Top of Information

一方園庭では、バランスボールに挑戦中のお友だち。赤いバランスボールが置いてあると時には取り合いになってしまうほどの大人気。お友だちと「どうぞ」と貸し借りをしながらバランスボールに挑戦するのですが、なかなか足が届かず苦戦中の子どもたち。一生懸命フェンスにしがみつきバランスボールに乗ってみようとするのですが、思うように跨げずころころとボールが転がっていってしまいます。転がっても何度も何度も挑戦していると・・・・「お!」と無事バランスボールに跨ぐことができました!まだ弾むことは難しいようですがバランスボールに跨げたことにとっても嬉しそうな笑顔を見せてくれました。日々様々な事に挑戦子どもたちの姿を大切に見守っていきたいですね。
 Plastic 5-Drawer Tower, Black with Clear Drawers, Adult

Bottom of Information
Top of Information

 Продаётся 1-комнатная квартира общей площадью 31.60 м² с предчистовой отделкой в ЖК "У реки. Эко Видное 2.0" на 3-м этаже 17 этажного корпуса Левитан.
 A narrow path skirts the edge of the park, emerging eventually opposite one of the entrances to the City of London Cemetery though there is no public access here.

Bottom of Information
Top of Information

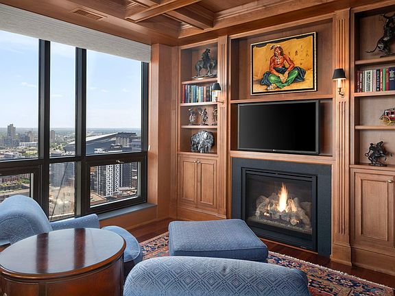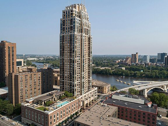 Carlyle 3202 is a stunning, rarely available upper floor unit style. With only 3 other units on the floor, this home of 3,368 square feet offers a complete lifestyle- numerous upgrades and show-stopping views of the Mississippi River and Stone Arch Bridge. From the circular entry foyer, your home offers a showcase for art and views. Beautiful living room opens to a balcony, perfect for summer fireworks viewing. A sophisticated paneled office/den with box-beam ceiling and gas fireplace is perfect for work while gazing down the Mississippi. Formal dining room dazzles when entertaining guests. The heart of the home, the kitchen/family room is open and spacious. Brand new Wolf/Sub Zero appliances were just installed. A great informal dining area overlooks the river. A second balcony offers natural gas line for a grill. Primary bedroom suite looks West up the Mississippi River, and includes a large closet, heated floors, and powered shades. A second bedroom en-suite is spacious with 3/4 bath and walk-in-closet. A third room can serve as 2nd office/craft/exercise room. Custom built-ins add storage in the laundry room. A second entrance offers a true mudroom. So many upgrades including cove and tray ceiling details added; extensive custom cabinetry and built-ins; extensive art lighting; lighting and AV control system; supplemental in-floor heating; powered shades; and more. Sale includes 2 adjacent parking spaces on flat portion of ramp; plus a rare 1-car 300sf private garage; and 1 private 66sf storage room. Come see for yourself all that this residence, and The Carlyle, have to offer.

Bottom of Information

- Problem -
Using only the listing above, restate exactly the lines from the line containing "一方園庭では、バランスボール" through the line containing "Plastic 5-Drawer Tower, Black", both included.

- Answer space -
一方園庭では、バランスボールに挑戦中のお友だち。赤いバランスボールが置いてあると時には取り合いになってしまうほどの大人気。お友だちと「どうぞ」と貸し借りをしながらバランスボールに挑戦するのですが、なかなか足が届かず苦戦中の子どもたち。一生懸命フェンスにしがみつきバランスボールに乗ってみようとするのですが、思うように跨げずころころとボールが転がっていってしまいます。転がっても何度も何度も挑戦していると・・・・「お!」と無事バランスボールに跨ぐことができました!まだ弾むことは難しいようですがバランスボールに跨げたことにとっても嬉しそうな笑顔を見せてくれました。日々様々な事に挑戦子どもたちの姿を大切に見守っていきたいですね。
 Plastic 5-Drawer Tower, Black with Clear Drawers, Adult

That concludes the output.